Caption: Vanilla Reinforcement Learning Framework
Q-learning
We use Q-Learning (a kind of RL) to try to approximate a special function that can drive the action selection strategy of any sequence of environmental states. Q-Learning is a modelless implementation of RL that updates the Q-table for each state, action taken, and reward received. It allows us to understand the structure of the data.

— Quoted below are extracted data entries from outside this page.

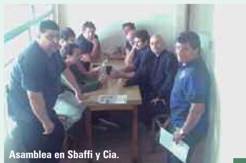
Asamblea en Sbaffi y Cia.
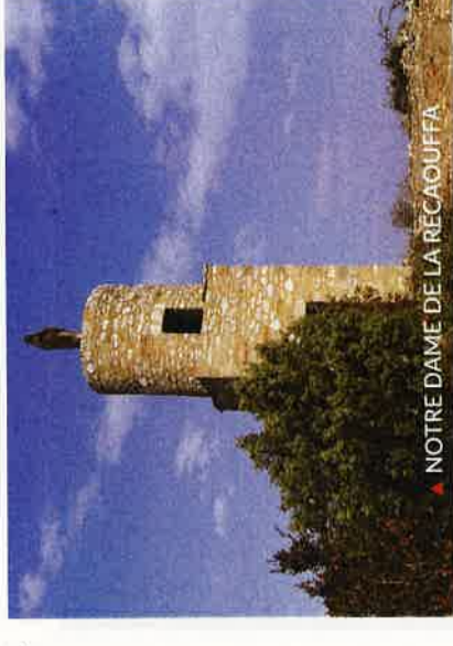
▲ NOTRE DAME DE LA RECAOUFFA

Direction VILLENEUVE DES CORBIÈRES , et visitez l'église St Sernin du XVIIe siècle. A l'indication du lieu de pèlerinage de Notre Dame de la Récaouffa, empruntez cette portion ombragée du Sentier Cathare, pour profiter du panorama.
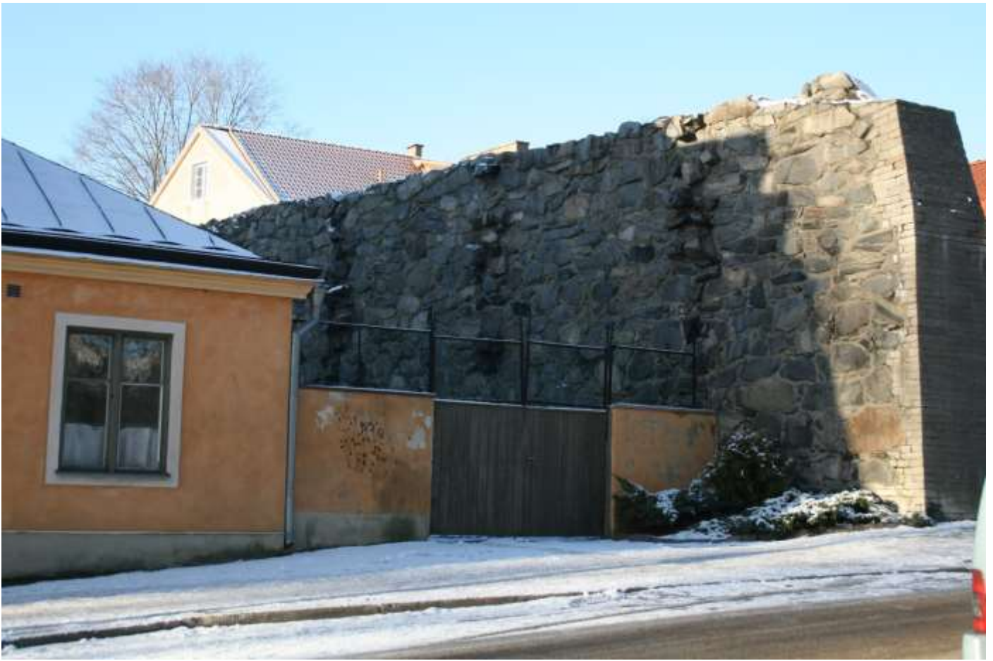
Sträckningsmuren vid Sjöofficersmässen
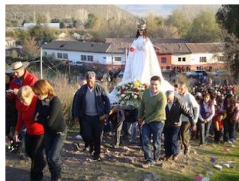
Fiesta religiosa de las Nieves de Pocuro

El primer domingo más cercano al 5 de agosto, se realiza en la iglesia Nuestra señora de Las Nieves de Pocuro esta tradicional fiesta religiosa, donde se realiza una procesión por todo Pocuro hasta llegar a la cima del cerro El Patagual. Fieles, y miembros de cofradías de bailes chinos, acompañan la imagen de la Virgen durante todo el recorrido (Municipalidad de Calle Larga, 2017).
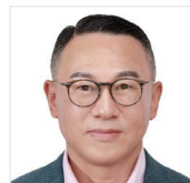
이동우 롯데지주 부회장
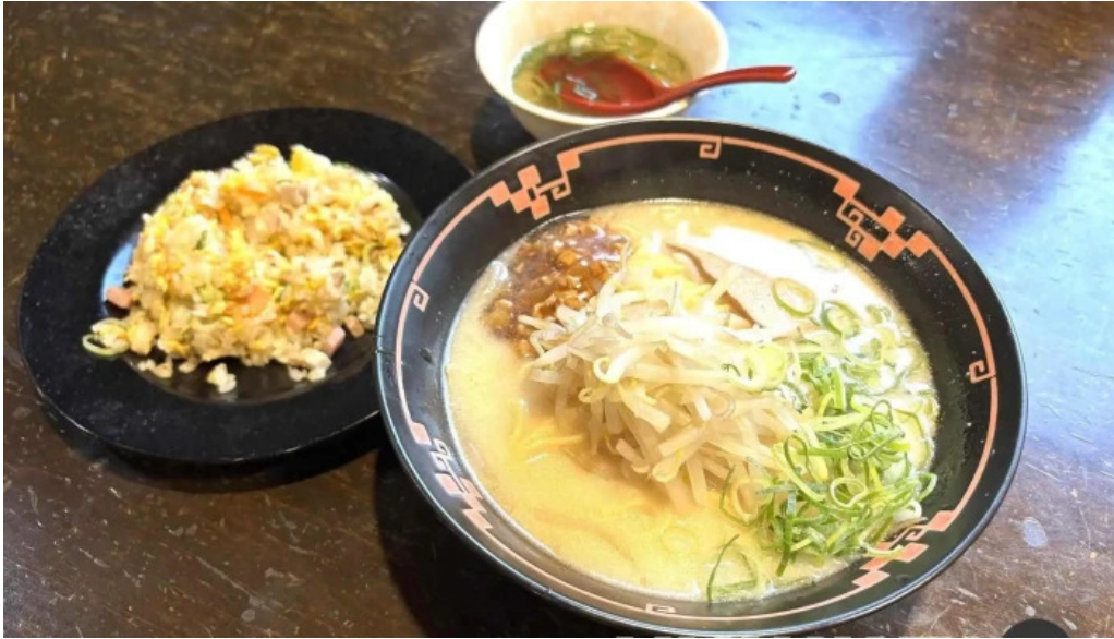
中華料理 花北京 スープ

In our example, the status is a screenshot, action, motionless, jump [0,1] of the game.
We solve this problem by regression and choose the action with the highest predicted Q value.
Legend: Q-table sample
▌ Settings
First set the environment:
1, select the virtual machine
We need a complete desktop environment where we can capture and use screenshots to train the model. I chose the Paperspace ML-in-a-box (MLIAB) Ubuntu image. The advantage of MLIAB is that it comes preloaded with Anaconda and many other ML libraries.

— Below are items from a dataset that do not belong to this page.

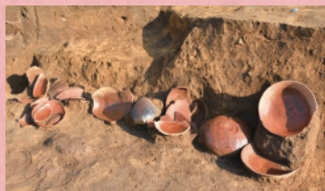
おしましきりざわみなみいせき 小島仕切沢南遺跡
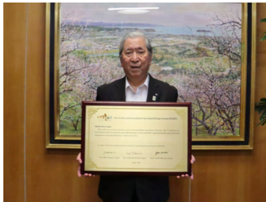
東アジア農業遺産学会より贈呈された感謝状

この感謝状は、平成30年にみなべ・田辺地域で開催された「第5回東アジア農業遺産学会(ERAHIS)」の主催と東アジア農業遺産システムの保存と管理の促進における貢献に対するものです。
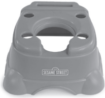
Base Unit Unidad de base
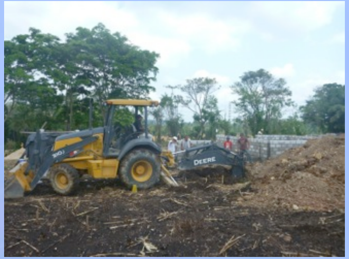
Movimiento de tierra
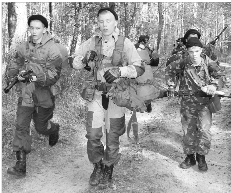
Главное - найти этап и не заблудиться в лесу

В седьмой раз на ялуторовской земле состоялась военно-спортивная тактическая областная игра «Суворовский натиск». Ежегодно в ней участвуют лучшие представители специализированных классов добровольной подготовки к военной службе со всех уголков юга области. На этот раз команд было семнадцать.
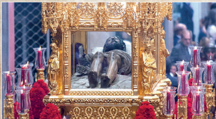
Stmo. Cristo Yacente (Santo Entierro)
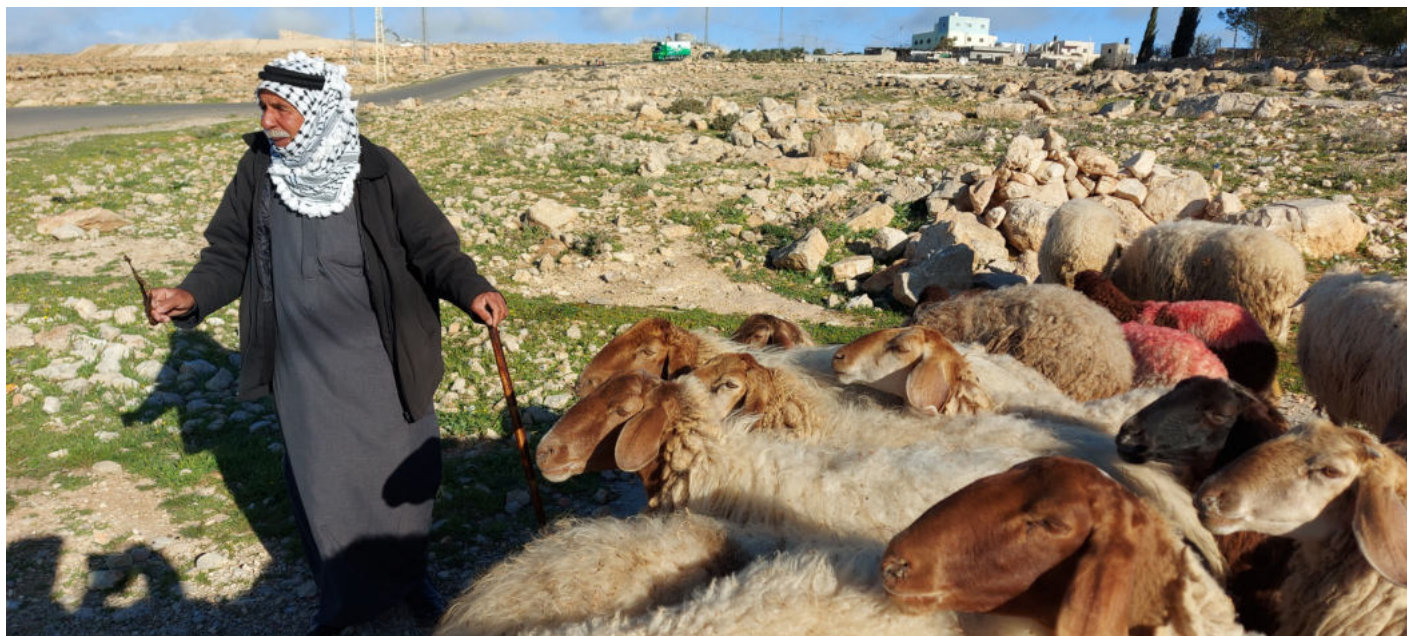
Fremdeles passer hyrder sauene på markene i landsbyene rundt Betlehem

Etter at vi hadde vært på grensepasseringen, var vi altså på skoler når elevene kom, og deretter besøkte vi gjerne landsbyer hvor vi traff bønder og gjetere, lokale ledere eller «vanlige folk». Det er også flere flyktningleirer i Betlehem, som vi hadde kontakter i og med. De tre andre på mitt lag var kvinner, og de fikk god kontakt med kvinnegrupper – i Midtøsten er ikke det like enkelt for en mann.
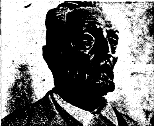
Unamuno, por el escultor Vitorio Macho y por el pintor Juan de Echevarria

Y hoy, ahora, pensamos, sentimos, con el filósofo, que también. Por la misma inquietud.
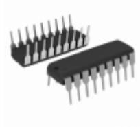
MIC2981/82BN Microchip Technology IC DRIVER ARRAY HV/HC 8CH 18DIP
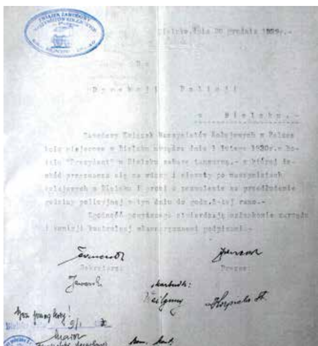
Pisma przedwojennego Koła ZZM do Urzędu Skarbowego i Dyrekcji Policji ws. organizacji „redutry maskowej” i zabawy tanecznej z 1927 i 1930 r.
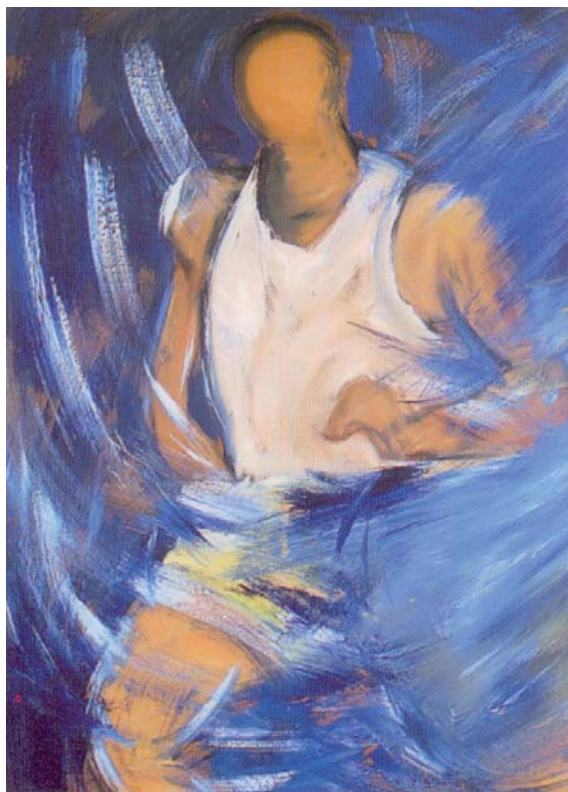
FIGURA 1. Corredor

2. Set up and install Keras to use the GPU
Paperspace's virtual machine is pre-installed. If not, you can do the following:
Pip install keraspip install tensorflow
In addition, in order to ensure that the GPU can be set to identify, execute the following python code, and you should see the available GPU devices:
From keras import backend as KK.tensorflow_backend._get_available_gpus()
3, install Dependencies
Selenium:
Pip install selenium
OpenCV:
Pip install opencv-python
Download Chromedrive:
Http://chromedriver.chromium.org
▌ game framework
Open chrome://dino and press the spacebar to play this game. If you need to modify the game code, you need to extract the game from chromium's open source library.
Since this game is written in JavaScript and our model is written in Python, we need to apply some interface tools.

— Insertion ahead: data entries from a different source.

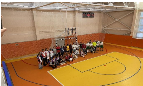
Соревнования между коллективами Удачинского ГОК АК «АЛРОСА» (ПАО) Совместное фото команд участниц.
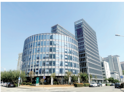
青岭路停车场垂直智慧立体停车。

入停车位,取车为逆过程。从入库、泊车、取车,到出库缴费,驾驶人可全程自主操作,不超过90秒的取车效率也处于国内同类项目最优行列。
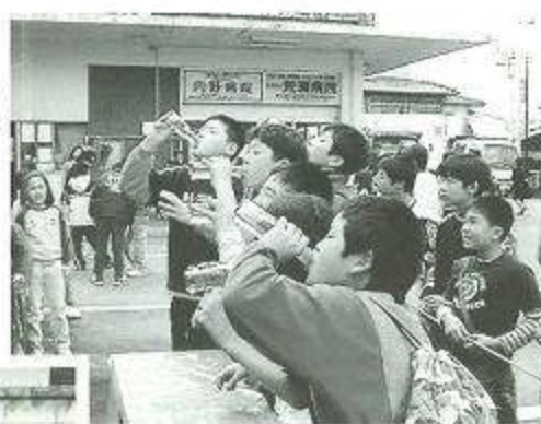
(はよ飲まにや食べるばい)

甲佐の初市は今から334年前、寛文8年に月3回(9日、19日、29日)の三斎市(定期市)として始まりました。 「まるで初市のような」という言葉は、甲佐に住む住民にとって「賑やか、活気、心うきうき、雑多、喧噪、好奇心、冒険心、春の到来」を意味するものであります。今年3月9日(土)、10日(日)の両日、晴天に恵まれ約80店舗の出店、多彩なイベントを織り込んで、商工会主催で賑やかに開催されました。
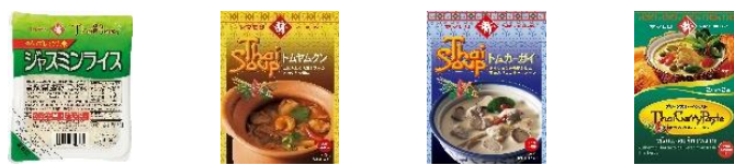
ジャスミンライス トムヤムクン トムカーガイ グリーンカレーペースト
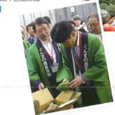
10月 県立 蚕糸技術 センター視察 産繰りの体験

Selenium is a popular browser automation tool for sending operations to the browser and obtaining different game parameters such as the current score.
After we have an interface for sending operations, we also need a mechanism to capture the game screen:
Selenium and OpenCV provide the best performance for screen capture and image preprocessing, achieving frame rates of 6-7 fps.
Game Module
We use this module to implement the interface between Python and JavaScript. The following code will let you know how the module works:
Class Game: def __init__(self): self._driver = webdriver.Chrome(executable_path = chrome_driver_path) self._driver.set_window_position(x=-10,y=0) self._driver.get(game_url) def restart(self): Self._driver.execute_script("Runner.instance_.restart()") def press_up(self): self._driver.find_element_by_tag_name("body").send_keys(Keys.ARROW_UP) def get_score(self): score_array = self._driver .execute_script("return Runner.instance_.distanceMeter.digits") score = ''.join(score_array). return int(score)
Agent module
We use an agent module to encapsulate all interfaces. We use this module to control Dino and get the status of the agent in the environment.
Class DinoAgent: def __init__(self,game): #takes game as input for taking actions self._game = game; self.jump(); #to start the game, we need to jump once def is_crashed(self): return self ._game.get_crashed() def jump(self): self._game.press_up()
Game State Module
In order to send the action to the module and get the corresponding result state, we use the Game-State module. It simplifies the process by receiving and executing actions, determines rewards, and returns to an experience tuple.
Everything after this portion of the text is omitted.